See you tomorrow, my friend~
Those webpages are encoded in gb2312. I recorded a lot of information on the page. Many of them are successfully recorded to the database. Only those containing the rare character failed. I think that is because the rare character can not be recognized by the program, even after I have added its seem-to-be unicode.I took a look at the Wikipedia entry for [GB2312|http://en.wikipedia.org/wiki/Gb2312], and one of the things that it mentioned was that the encoding was superseded by GBK and GB18030, which contained more characters. Is it possible that your "rare" character is not actually representable in GB2312?
Then I realized that the "Unicode" character that you mentioned, \uE5E5, is in the "private use" area established by the Unicode spec, so either (1) you're actually giving the EUC-CN encoded value, which isn't Unicode and therefore senseless to search for in Java character data; (2) it isn't a character that has a Unicode value, is being mapped into the private space by the encoding implementation that you're using, and that implementation might have a bug; (3) isn't the character you think it is; or (4) isn't encoded using GB2312. Personally, I think #2 is most likely.

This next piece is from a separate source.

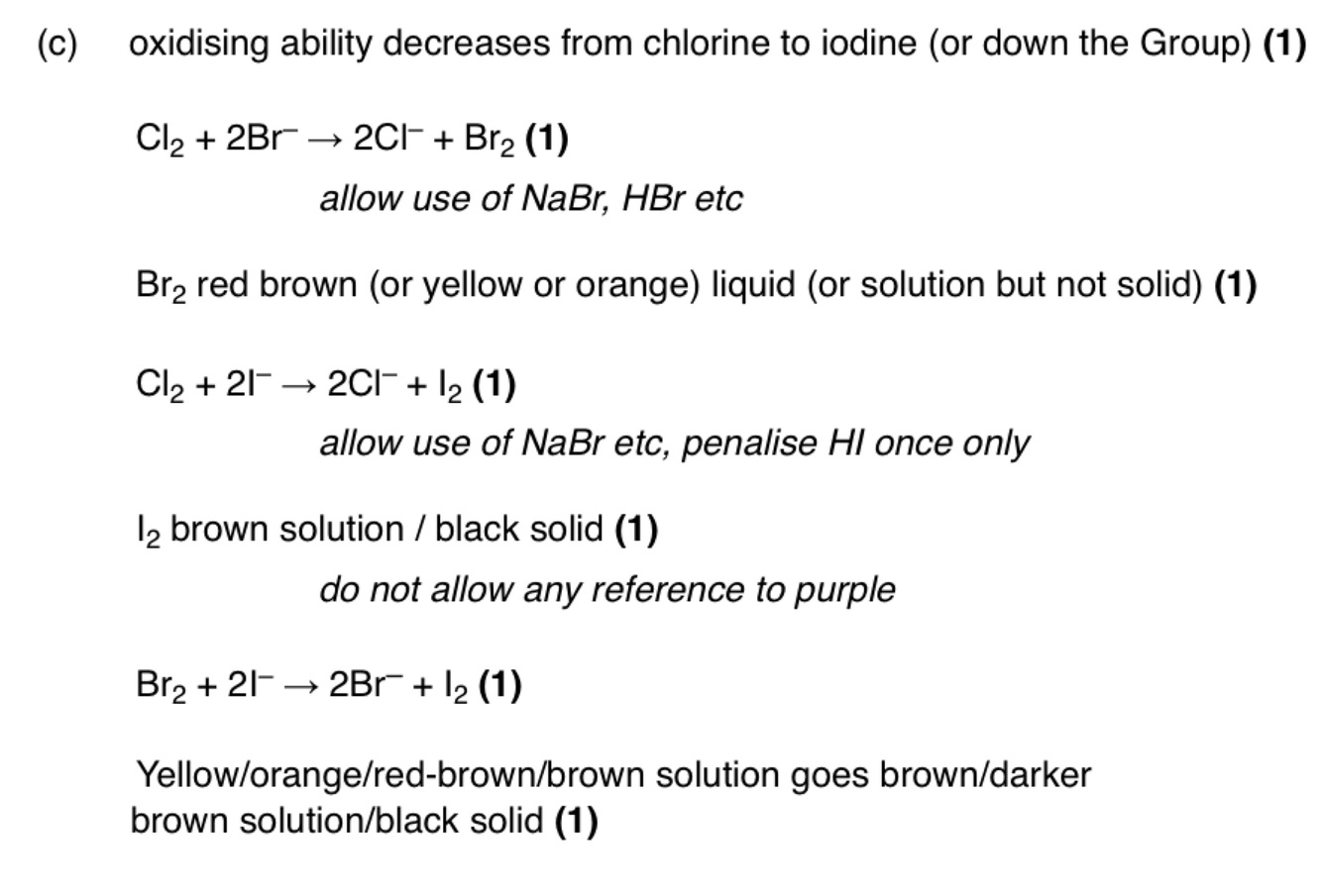 State the trend in the oxidising abilities of the elements down Group VIl from chlorine to iodine

It would be helpful for you to go to www.unicode.org, and familiarize yourself with how Unicode is structured. There's a FAQ that describes some of the issues with conversion between CJK character sets and Unicode, and you'll also find [code charts|http://www.unicode.org/charts/] and information about [locating a character by name|http://www.unicode.org/standard/where/].
I have to go to bed.Tomorrow is a holiday where I live, and I'm planning on staying away from computers :-)

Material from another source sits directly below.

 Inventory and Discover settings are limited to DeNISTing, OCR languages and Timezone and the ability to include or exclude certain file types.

See you tomorrow, my friend~
Plus, I don't think I can give you any more help. You'll need to trace the data, in binary form, through each step of your process to find out where it's being changed.
Hi, kdgregory! Thanks for your detailed reply and suggestion.

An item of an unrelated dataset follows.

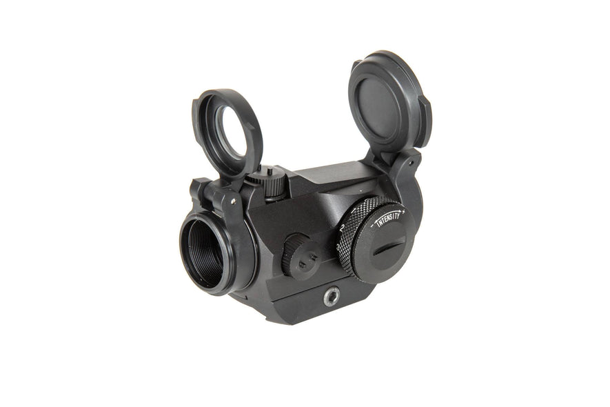 Tubo RedDot con struttura in metallo con montaggio basso. C'è anche una griglia o "killflash" che impedisce i riflessi del sole e protegge dai colpi dei bb. Questo RedDot può essere regolato nei livelli orizzontale e verticale. L'intensità della retroilluminazione del punto può essere modificata di 11 gradi. Le lenti sono protette da tappi incernierati che possono essere rimossi dal collimatore.

I have seen you have done all you could to offer me the best help.
This rare character just appears as a wider blank. Maybe it can be seen as
Oh, BINGO! I can't believe it! I wrote the text above the line minutes ago. And before I wrote those words. I have read kdgergory's suggestion and the related hyperlink. And also before that I read a thread in this forum 3 years ago in which a similar problem was encountered but ended up without satisfying solution.
When I just tried to give up all my efforts and wrote the text above to show an after-all thanks, I suddenly got an idea of changing the gb2312 appeared in the meta tag of the webpage to GBK or GB18030 to have a try. When I try GBK, it still does not work. But after it was changed into GB18030, IT'S DONE!!!
kdgregory, I must show my highest thanks and respect to you!!!
I regret very much that I forgot to mark this thread a question because at that time I was very annoyed and frustrated. So I can't give you a correct tag. But you absolutely deserve it! I hope everything is fine in your holiday!